▶ Material supplied:
########################################

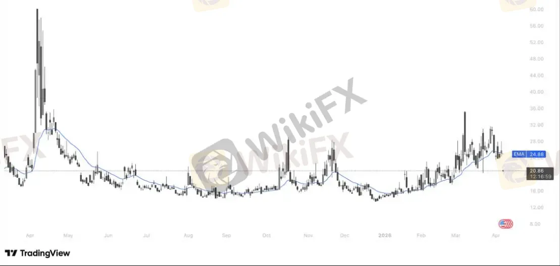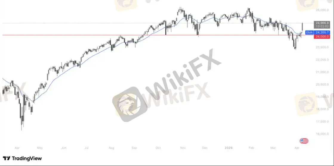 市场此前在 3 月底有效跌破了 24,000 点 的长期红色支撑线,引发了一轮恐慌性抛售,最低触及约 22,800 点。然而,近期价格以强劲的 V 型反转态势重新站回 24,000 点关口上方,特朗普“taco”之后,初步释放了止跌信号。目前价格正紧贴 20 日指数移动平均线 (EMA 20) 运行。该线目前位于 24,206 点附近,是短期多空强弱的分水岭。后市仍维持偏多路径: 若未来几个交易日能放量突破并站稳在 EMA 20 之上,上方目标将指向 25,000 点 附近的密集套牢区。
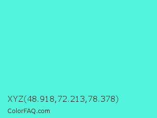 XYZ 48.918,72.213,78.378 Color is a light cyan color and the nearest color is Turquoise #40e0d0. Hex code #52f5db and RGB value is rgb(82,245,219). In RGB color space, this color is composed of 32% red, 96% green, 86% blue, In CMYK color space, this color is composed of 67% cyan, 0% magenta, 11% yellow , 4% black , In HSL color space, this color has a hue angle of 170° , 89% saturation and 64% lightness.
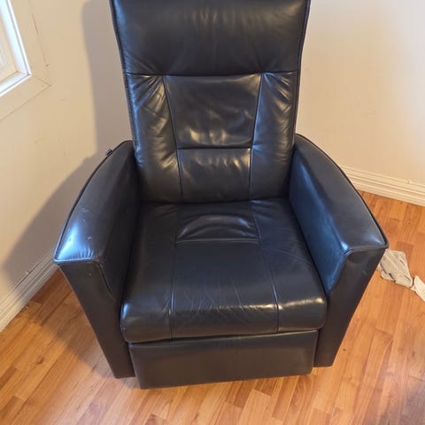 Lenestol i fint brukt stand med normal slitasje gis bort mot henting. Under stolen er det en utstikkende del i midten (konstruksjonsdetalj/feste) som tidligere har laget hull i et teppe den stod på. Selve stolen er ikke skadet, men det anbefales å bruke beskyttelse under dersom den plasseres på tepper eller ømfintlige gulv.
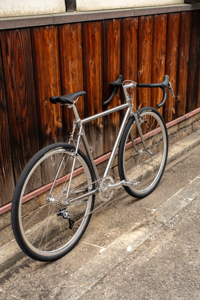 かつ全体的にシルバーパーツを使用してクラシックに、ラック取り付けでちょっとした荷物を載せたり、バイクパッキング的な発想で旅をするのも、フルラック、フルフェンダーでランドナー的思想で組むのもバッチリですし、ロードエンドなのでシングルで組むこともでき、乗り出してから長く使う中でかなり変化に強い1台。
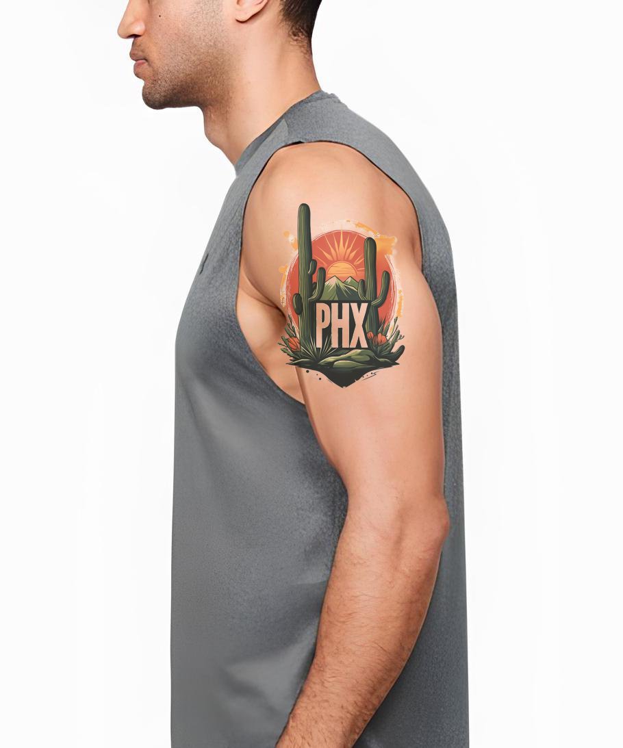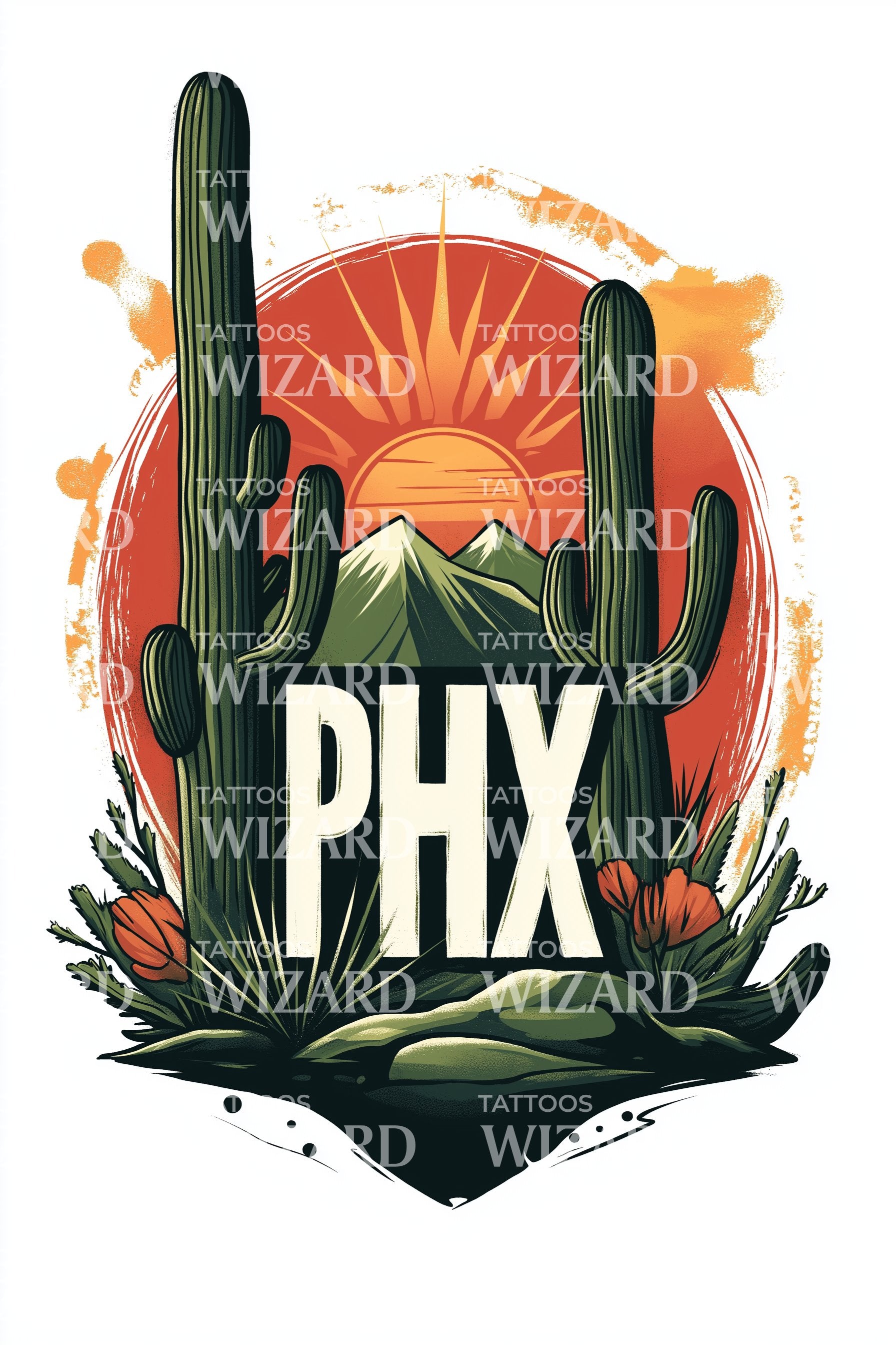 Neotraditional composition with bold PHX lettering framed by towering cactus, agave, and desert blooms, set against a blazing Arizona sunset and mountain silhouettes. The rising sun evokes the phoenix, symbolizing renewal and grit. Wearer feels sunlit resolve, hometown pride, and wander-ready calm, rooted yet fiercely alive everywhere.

########################################

Nothing but the lines from the line with "XYZ 48.918,72.213,78.378 Color" through the last line of the listing above should be repeated, and pictures should be left out.

▶ Answer to the exercise:
 XYZ 48.918,72.213,78.378 Color is a light cyan color and the nearest color is Turquoise #40e0d0. Hex code #52f5db and RGB value is rgb(82,245,219). In RGB color space, this color is composed of 32% red, 96% green, 86% blue, In CMYK color space, this color is composed of 67% cyan, 0% magenta, 11% yellow , 4% black , In HSL color space, this color has a hue angle of 170° , 89% saturation and 64% lightness.
 Lenestol i fint brukt stand med normal slitasje gis bort mot henting. Under stolen er det en utstikkende del i midten (konstruksjonsdetalj/feste) som tidligere har laget hull i et teppe den stod på. Selve stolen er ikke skadet, men det anbefales å bruke beskyttelse under dersom den plasseres på tepper eller ømfintlige gulv.
 かつ全体的にシルバーパーツを使用してクラシックに、ラック取り付けでちょっとした荷物を載せたり、バイクパッキング的な発想で旅をするのも、フルラック、フルフェンダーでランドナー的思想で組むのもバッチリですし、ロードエンドなのでシングルで組むこともでき、乗り出してから長く使う中でかなり変化に強い1台。
 Neotraditional composition with bold PHX lettering framed by towering cactus, agave, and desert blooms, set against a blazing Arizona sunset and mountain silhouettes. The rising sun evokes the phoenix, symbolizing renewal and grit. Wearer feels sunlit resolve, hometown pride, and wander-ready calm, rooted yet fiercely alive everywhere.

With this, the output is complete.